• **Try it**
Retype exactly what appears below from the line containing "Marble gum is" down to the line containing "Fachada bonita Antiga", keeping both end lines. Do not include pictures.
━━━━━ Provided material
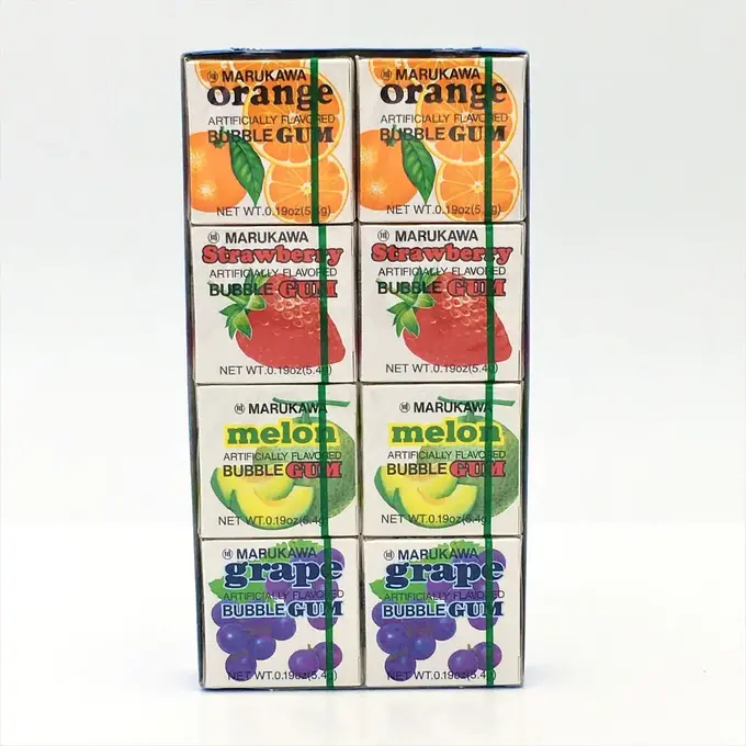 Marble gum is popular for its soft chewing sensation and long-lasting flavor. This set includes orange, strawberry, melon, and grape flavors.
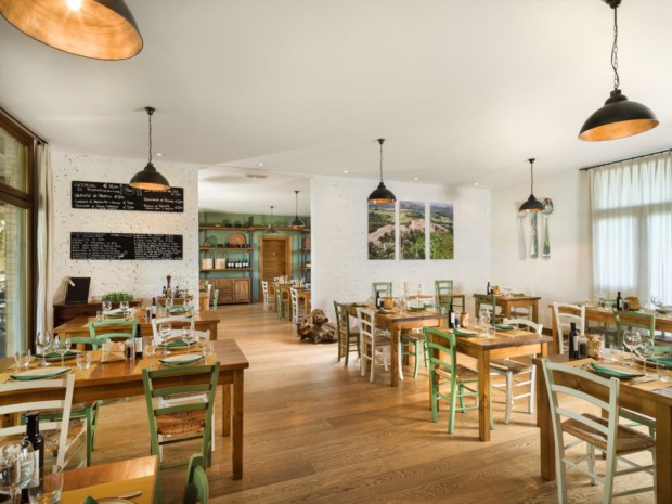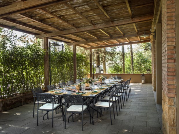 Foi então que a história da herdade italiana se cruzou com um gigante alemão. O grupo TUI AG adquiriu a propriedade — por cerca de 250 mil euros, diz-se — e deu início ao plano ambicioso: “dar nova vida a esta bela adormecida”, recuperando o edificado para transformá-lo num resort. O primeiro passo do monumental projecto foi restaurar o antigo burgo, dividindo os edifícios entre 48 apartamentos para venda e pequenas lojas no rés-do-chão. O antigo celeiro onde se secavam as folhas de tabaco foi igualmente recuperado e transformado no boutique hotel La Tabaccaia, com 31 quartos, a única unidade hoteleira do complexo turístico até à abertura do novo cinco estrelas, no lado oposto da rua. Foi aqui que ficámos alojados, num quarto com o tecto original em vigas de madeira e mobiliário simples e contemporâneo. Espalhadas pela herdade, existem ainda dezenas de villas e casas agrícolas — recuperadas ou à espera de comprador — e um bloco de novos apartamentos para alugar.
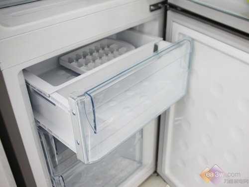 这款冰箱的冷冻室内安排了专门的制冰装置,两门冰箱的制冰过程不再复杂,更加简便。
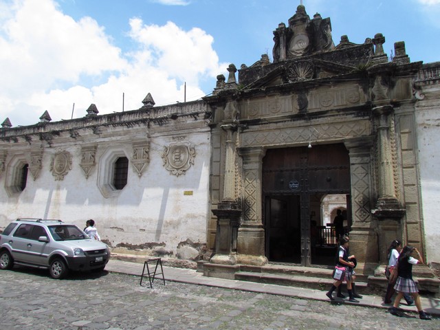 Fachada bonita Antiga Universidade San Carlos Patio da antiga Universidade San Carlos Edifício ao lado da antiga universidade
━━━━━━━━━━
━━━━━ Provided material
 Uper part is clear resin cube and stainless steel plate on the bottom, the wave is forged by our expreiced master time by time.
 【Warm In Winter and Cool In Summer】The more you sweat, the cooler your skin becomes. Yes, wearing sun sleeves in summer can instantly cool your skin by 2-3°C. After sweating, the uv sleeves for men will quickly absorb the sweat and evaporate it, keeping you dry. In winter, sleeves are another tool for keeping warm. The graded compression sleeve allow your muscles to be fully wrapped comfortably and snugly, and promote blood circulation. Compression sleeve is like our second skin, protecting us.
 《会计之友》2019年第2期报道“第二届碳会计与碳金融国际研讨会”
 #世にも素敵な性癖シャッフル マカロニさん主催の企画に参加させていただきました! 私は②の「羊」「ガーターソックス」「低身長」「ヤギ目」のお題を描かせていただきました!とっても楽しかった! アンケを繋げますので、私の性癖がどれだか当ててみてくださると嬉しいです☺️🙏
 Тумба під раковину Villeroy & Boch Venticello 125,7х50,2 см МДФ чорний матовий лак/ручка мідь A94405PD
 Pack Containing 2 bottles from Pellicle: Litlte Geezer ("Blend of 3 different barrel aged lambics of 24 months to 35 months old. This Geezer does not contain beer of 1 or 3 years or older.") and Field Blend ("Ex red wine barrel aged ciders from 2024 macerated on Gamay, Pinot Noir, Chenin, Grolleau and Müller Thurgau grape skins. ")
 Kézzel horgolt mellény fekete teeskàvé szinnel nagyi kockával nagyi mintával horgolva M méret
━━━━━━━━━━
• **Response**
 Marble gum is popular for its soft chewing sensation and long-lasting flavor. This set includes orange, strawberry, melon, and grape flavors.
 Foi então que a história da herdade italiana se cruzou com um gigante alemão. O grupo TUI AG adquiriu a propriedade — por cerca de 250 mil euros, diz-se — e deu início ao plano ambicioso: “dar nova vida a esta bela adormecida”, recuperando o edificado para transformá-lo num resort. O primeiro passo do monumental projecto foi restaurar o antigo burgo, dividindo os edifícios entre 48 apartamentos para venda e pequenas lojas no rés-do-chão. O antigo celeiro onde se secavam as folhas de tabaco foi igualmente recuperado e transformado no boutique hotel La Tabaccaia, com 31 quartos, a única unidade hoteleira do complexo turístico até à abertura do novo cinco estrelas, no lado oposto da rua. Foi aqui que ficámos alojados, num quarto com o tecto original em vigas de madeira e mobiliário simples e contemporâneo. Espalhadas pela herdade, existem ainda dezenas de villas e casas agrícolas — recuperadas ou à espera de comprador — e um bloco de novos apartamentos para alugar.
 这款冰箱的冷冻室内安排了专门的制冰装置,两门冰箱的制冰过程不再复杂,更加简便。
 Fachada bonita Antiga Universidade San Carlos Patio da antiga Universidade San Carlos Edifício ao lado da antiga universidade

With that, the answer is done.